WHAT THE EXERCISE ASKS: Return the lines of the listing below exactly as they appear, beginning at the one with "Если проводить анализ" and stopping after the one with "23일 오후 경기도 안산시"; do not include pictures.

RECORDS TO USE:
Start of Block
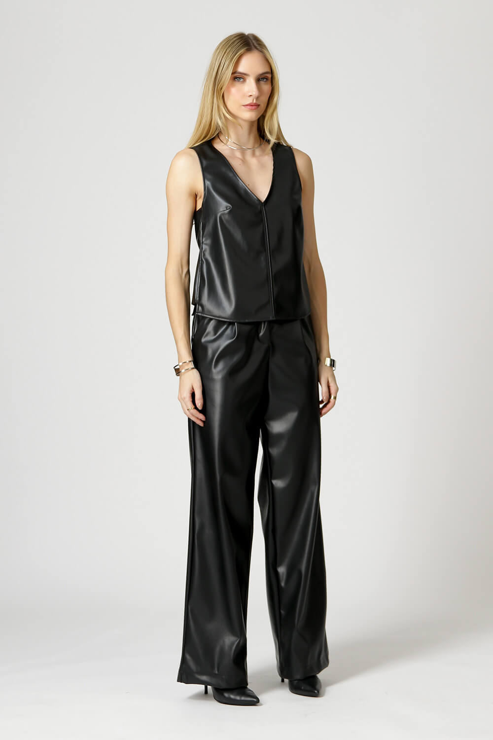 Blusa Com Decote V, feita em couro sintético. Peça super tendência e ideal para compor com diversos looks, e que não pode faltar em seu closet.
End of Block
Start of Block
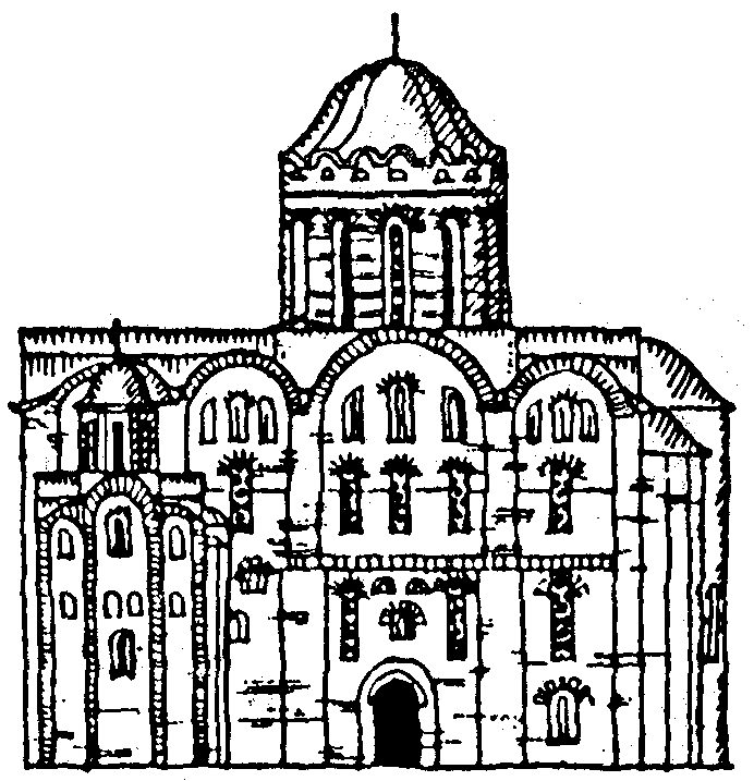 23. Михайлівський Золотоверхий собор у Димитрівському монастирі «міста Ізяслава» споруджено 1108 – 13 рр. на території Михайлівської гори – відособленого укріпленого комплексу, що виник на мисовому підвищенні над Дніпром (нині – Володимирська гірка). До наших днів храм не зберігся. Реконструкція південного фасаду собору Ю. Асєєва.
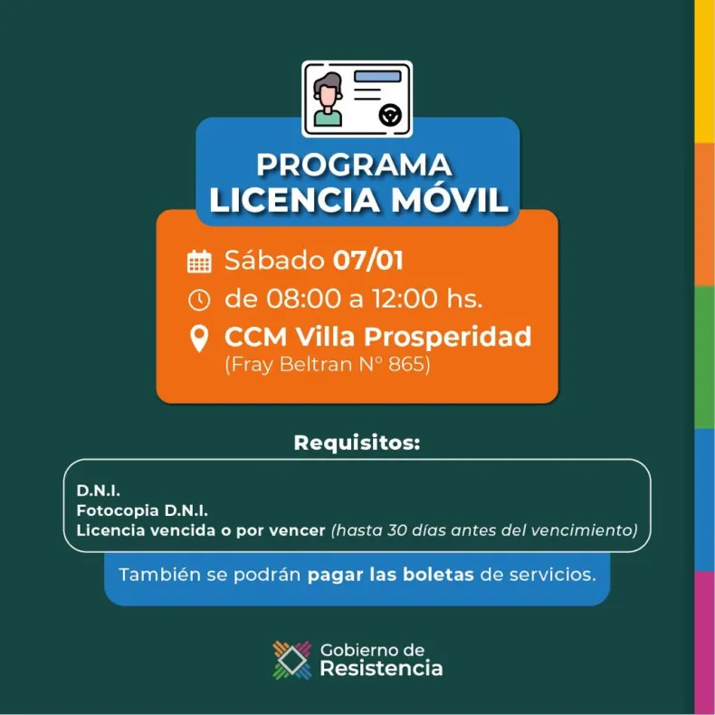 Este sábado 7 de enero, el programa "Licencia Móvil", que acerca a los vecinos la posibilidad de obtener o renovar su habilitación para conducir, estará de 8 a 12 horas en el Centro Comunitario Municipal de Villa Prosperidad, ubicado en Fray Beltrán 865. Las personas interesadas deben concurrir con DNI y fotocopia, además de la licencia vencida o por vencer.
End of Block
Start of Block
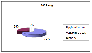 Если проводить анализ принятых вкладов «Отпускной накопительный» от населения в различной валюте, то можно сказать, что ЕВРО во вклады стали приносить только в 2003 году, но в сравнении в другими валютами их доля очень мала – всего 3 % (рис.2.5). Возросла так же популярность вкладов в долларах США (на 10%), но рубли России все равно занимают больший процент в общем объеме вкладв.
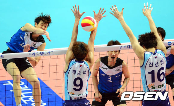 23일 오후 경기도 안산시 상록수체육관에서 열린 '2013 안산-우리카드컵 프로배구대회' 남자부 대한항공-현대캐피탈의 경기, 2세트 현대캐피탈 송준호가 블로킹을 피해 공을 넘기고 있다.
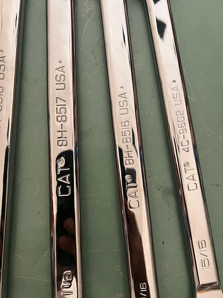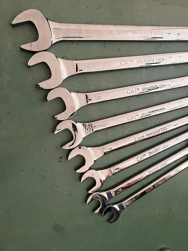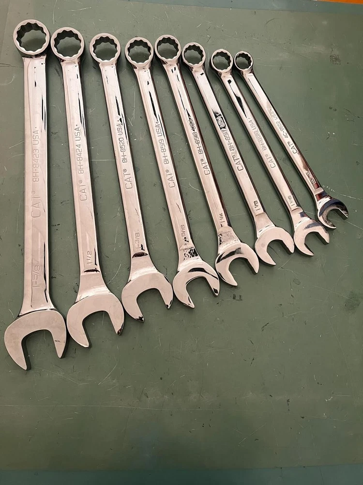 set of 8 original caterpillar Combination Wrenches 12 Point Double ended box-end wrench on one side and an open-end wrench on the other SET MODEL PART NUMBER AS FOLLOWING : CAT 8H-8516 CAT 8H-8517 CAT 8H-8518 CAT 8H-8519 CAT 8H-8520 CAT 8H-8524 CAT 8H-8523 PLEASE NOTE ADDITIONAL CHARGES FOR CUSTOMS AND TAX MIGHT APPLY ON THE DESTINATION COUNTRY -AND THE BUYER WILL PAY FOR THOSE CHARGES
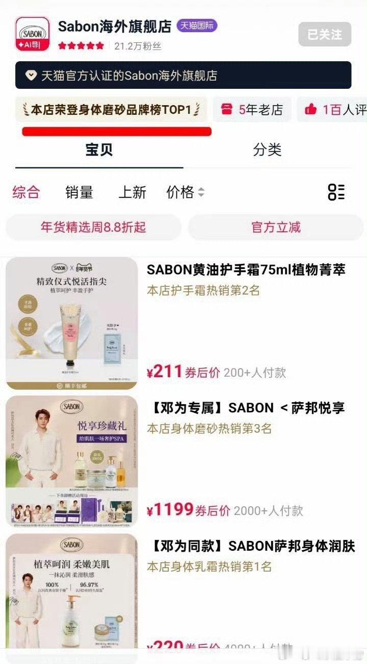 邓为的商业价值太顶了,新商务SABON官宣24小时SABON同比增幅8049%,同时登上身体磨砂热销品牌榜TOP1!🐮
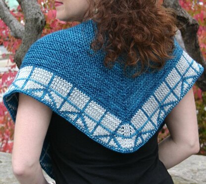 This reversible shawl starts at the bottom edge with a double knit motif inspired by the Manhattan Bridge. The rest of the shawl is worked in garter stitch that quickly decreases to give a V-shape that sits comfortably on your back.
End of Block
EXERCISE SOLUTION:
 Если проводить анализ принятых вкладов «Отпускной накопительный» от населения в различной валюте, то можно сказать, что ЕВРО во вклады стали приносить только в 2003 году, но в сравнении в другими валютами их доля очень мала – всего 3 % (рис.2.5). Возросла так же популярность вкладов в долларах США (на 10%), но рубли России все равно занимают больший процент в общем объеме вкладв.
 23일 오후 경기도 안산시 상록수체육관에서 열린 '2013 안산-우리카드컵 프로배구대회' 남자부 대한항공-현대캐피탈의 경기, 2세트 현대캐피탈 송준호가 블로킹을 피해 공을 넘기고 있다.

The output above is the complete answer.